# Fischbesatz für einen See 4.500 m2



## Benny78 (9. November 2005)

Hallo Zusammen,

seit kurzem besitzen wir einen See mit einer Fläche von ca. 4.500 m2. Der See enstand aus einer ehemaligen Kiesgrube in den 70ger Jahren. Die Wassertiefe beträgt ca. zwischen 1,5 Metern und 3 Metern. Der See ist schön eingewachsen und es gibt auch Schilf und Seerosenfelder.

Laut Vorbesitzer sind in dem See Karpfen, Rotfedern und Schleien. Karpfen und Rotfedern wurden bereits gefangen. Da im See sehr viele Rotfedern in allen Größen vorhanden sind (Angel reinwerfen, Biss erfolgt in 30 Sekunden) wollen wir nun ein paar Raubfische und eventuell andere Fische einsetzen.

Angedacht sind Hecht und Zander, vieleicht auch ein paar Störe.

Nun wollte ich mal eure Meinung hören, wieviel Fische dort eingesetzt werden können oder was ihr so für Ideen habt.

Könnten dort auch Forellen eingesetzt werden?

Über Tips bin ich euch dankbar.

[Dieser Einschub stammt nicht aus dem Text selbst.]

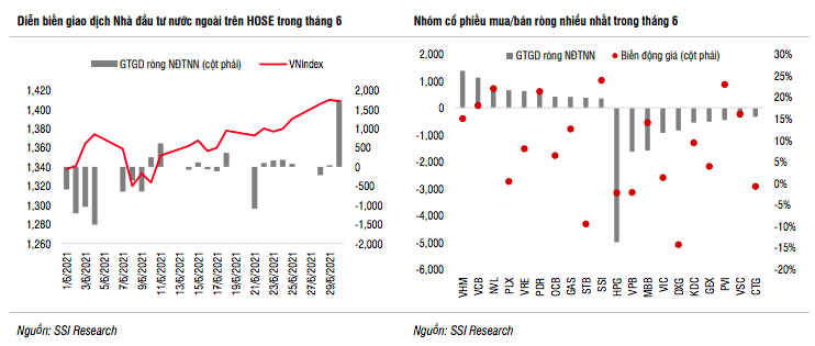 Theo SSI Research, định giá thị trường đã phản ánh một phần mức tăng trưởng lợi nhuận tích cực của doanh nghiệp trong quý 2 và nửa đầu năm. Tăng trưởng điểm số của VN-Index trong tháng 6 đã đưa hệ số định giá P/E hiện tại và hệ số định giá P/E năm 2021 của chỉ số từ mức 18,18 lần và 16,19 lần vào thời điểm cuối tháng 5 lên mức 19,35 lần và 17,08 lần vào ngày 02/7.
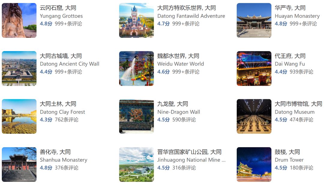 云冈石窟(1天)-华严寺+善化寺(半日)-古城墙+九龙壁(半日)-悬空寺+恒山(1天)

Auch über Fischzuchtbetriebe im Ulmer / Günzburger Raum.

Vielen Dank und Gruß

Benny


----------



## Reisender (9. November 2005)

*AW: Fischbesatz für einen See 4.500 m2*

@Benny78


Erst mal Herzlich Willkommen bei uns !!!!  |wavey: |wavey: |wavey: |wavey: |wavey: und viel Spaß ...........Bei uns wird Dir Geholfen ....#h #h #h #h


----------



## Hechthunter21 (9. November 2005)

*AW: Fischbesatz für einen See 4.500 m2*



			
				Reisender schrieb:
			
		

> @Benny78
> 
> 
> Erst mal Herzlich Willkommen bei uns !!!!  |wavey: |wavey: |wavey: |wavey: |wavey: und viel Spaß ...........Bei uns wird Dir Geholfen ....#h #h #h #h



genau ...
so 
soll es 
sein!


ähm ich sag bzw.schreib mal so wenn der Teich/Weiher über Zu bzw.Ablauf verfügt dann solltest du auf jeden Fall Forellen besetzen können!
Und über den Hecht brauchst du nicht weiter nachzudenken da er eh schon in dem Gewässer vorkommt!:q

Willkommen & viel Spass an Board!|wavey:


----------



## Benny78 (9. November 2005)

*AW: Fischbesatz für einen See 4.500 m2*

Leider verfügt der See über keinen Zu- bzw. Ablauf. Wird vermutlich durch Grundwasser gespeist der See.

Also viele Raubfische kann es nicht drin haben, da ein hoher Bestand an Rotfedern besteht.

Gruß

Benny


----------



## Kalle25 (9. November 2005)

*AW: Fischbesatz für einen See 4.500 m2*

Hallo Benny, willkommen im AB.

Hechte werden schon drin sein. Deren Laich wird ja durch Wasservögel von Gewässer zu Gewässer gebracht. Anscheinend sind aber nicht genug Hechte vorhanden. Deswegen würde ich mal 4 Hechte von 20-25 cm einsetzen. Zander in stehende Gewässer einbringen, das widerstrebt mir ein wenig. 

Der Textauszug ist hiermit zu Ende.